#### Task goal:
Within the entries below, please return exactly the lines from the one with "Bei so viel" through the one with "Fig.351 Vista geral", leaving out any pictures.

── Exercise input

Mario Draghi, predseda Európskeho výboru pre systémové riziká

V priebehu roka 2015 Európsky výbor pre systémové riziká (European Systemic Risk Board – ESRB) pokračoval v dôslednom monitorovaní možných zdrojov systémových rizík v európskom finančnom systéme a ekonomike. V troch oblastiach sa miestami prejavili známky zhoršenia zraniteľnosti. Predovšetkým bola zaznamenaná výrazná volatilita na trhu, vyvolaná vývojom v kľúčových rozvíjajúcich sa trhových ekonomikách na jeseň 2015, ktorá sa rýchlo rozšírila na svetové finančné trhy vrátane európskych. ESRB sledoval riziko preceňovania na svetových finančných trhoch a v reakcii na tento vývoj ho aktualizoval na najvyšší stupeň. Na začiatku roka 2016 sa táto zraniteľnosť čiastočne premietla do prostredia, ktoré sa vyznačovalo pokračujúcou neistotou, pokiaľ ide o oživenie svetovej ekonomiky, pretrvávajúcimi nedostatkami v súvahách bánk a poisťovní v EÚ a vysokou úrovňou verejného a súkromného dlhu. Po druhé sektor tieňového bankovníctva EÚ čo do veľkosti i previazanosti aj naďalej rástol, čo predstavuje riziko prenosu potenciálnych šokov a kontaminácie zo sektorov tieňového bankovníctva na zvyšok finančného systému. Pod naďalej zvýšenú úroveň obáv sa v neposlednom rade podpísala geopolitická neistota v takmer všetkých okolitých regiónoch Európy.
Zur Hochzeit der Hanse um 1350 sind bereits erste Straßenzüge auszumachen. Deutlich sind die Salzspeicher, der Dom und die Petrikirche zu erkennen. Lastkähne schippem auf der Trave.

────
── Exercise input

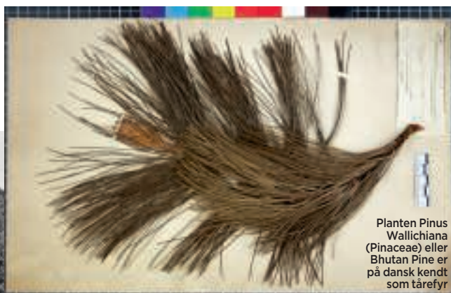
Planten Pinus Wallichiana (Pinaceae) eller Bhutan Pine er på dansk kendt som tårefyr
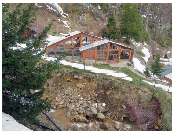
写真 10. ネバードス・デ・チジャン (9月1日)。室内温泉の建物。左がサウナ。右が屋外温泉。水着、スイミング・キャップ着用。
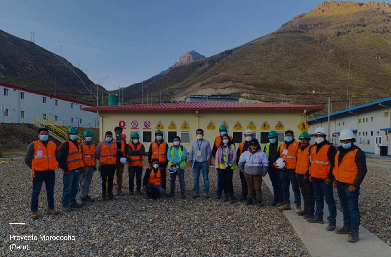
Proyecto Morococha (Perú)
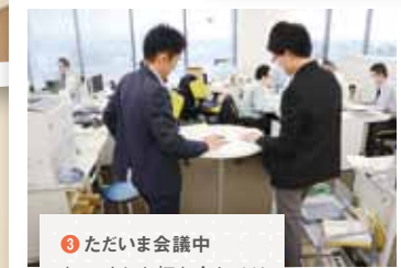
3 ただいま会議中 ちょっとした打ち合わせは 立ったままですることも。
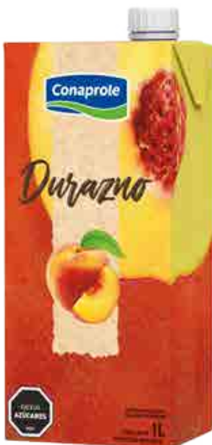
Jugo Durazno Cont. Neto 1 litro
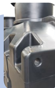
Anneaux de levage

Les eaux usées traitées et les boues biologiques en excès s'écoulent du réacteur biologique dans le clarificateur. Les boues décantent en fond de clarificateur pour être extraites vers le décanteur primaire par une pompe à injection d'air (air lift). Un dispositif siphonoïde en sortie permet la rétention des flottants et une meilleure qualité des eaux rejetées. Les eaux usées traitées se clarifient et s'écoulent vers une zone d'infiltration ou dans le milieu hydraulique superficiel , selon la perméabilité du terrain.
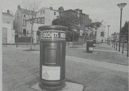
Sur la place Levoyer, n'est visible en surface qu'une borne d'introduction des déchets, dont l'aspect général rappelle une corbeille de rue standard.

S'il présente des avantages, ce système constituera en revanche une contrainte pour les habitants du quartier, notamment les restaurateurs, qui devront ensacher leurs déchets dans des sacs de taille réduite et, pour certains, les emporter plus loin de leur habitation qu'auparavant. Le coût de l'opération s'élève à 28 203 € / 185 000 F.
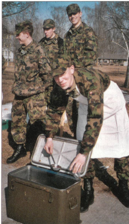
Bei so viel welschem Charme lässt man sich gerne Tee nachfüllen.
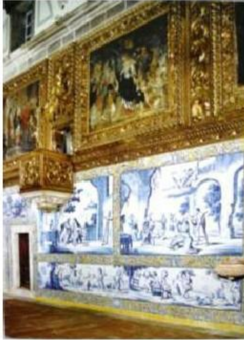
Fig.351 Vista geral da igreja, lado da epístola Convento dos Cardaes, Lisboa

────

#### Completed task:
Bei so viel welschem Charme lässt man sich gerne Tee nachfüllen.
Fig.351 Vista geral da igreja, lado da epístola Convento dos Cardaes, Lisboa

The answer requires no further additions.